▶ [Data for this exercise]:
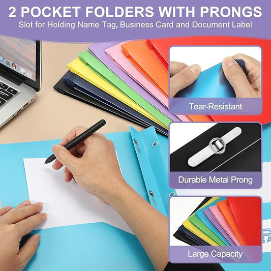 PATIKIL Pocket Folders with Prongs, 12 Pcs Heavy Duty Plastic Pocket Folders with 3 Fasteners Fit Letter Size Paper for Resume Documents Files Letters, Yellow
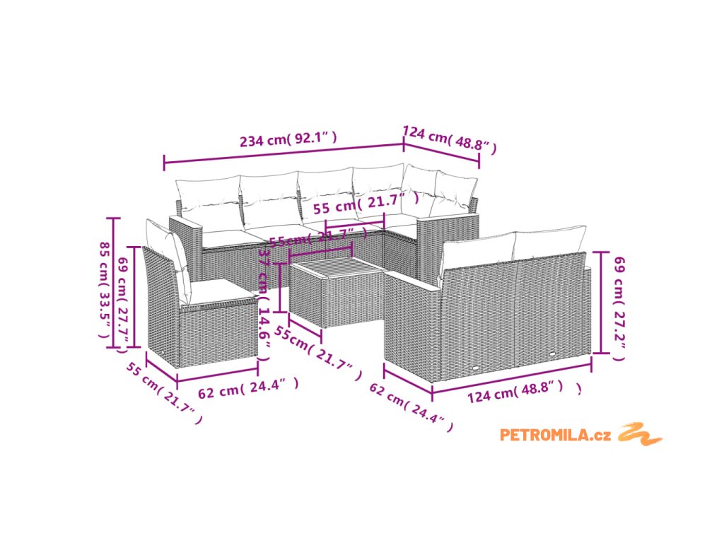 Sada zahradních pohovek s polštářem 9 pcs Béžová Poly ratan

--

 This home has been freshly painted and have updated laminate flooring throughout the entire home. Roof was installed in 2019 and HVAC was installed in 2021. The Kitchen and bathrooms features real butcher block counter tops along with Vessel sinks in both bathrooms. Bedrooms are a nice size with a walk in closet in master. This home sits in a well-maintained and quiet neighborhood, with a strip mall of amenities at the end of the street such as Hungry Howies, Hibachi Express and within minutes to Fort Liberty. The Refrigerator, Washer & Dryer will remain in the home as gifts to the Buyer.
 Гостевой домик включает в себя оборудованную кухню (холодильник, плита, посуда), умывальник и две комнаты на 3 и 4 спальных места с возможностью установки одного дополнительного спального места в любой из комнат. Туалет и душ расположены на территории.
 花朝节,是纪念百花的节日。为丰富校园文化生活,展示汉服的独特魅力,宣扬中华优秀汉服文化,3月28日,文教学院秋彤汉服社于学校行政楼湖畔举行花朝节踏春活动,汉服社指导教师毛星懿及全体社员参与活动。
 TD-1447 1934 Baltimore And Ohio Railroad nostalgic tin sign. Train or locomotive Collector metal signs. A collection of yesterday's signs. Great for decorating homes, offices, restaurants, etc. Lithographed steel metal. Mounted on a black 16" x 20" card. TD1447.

--

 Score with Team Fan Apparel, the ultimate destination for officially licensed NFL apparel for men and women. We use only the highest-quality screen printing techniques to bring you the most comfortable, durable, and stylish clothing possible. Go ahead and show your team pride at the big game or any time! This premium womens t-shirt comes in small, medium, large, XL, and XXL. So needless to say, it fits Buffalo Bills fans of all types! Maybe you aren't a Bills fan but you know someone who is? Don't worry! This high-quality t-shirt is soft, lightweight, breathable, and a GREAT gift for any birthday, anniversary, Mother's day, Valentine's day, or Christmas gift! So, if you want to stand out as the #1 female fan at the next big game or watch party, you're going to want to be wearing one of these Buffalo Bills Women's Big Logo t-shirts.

▶ [Instructions to follow]:
Using the records above, set down exactly the lines from the one with "花朝节,是纪念百花的节日。为" through the one with "TD-1447 1934 Baltimore", inclusive, and nothing more.

▶ [Output for this exercise]:
 花朝节,是纪念百花的节日。为丰富校园文化生活,展示汉服的独特魅力,宣扬中华优秀汉服文化,3月28日,文教学院秋彤汉服社于学校行政楼湖畔举行花朝节踏春活动,汉服社指导教师毛星懿及全体社员参与活动。
 TD-1447 1934 Baltimore And Ohio Railroad nostalgic tin sign. Train or locomotive Collector metal signs. A collection of yesterday's signs. Great for decorating homes, offices, restaurants, etc. Lithographed steel metal. Mounted on a black 16" x 20" card. TD1447.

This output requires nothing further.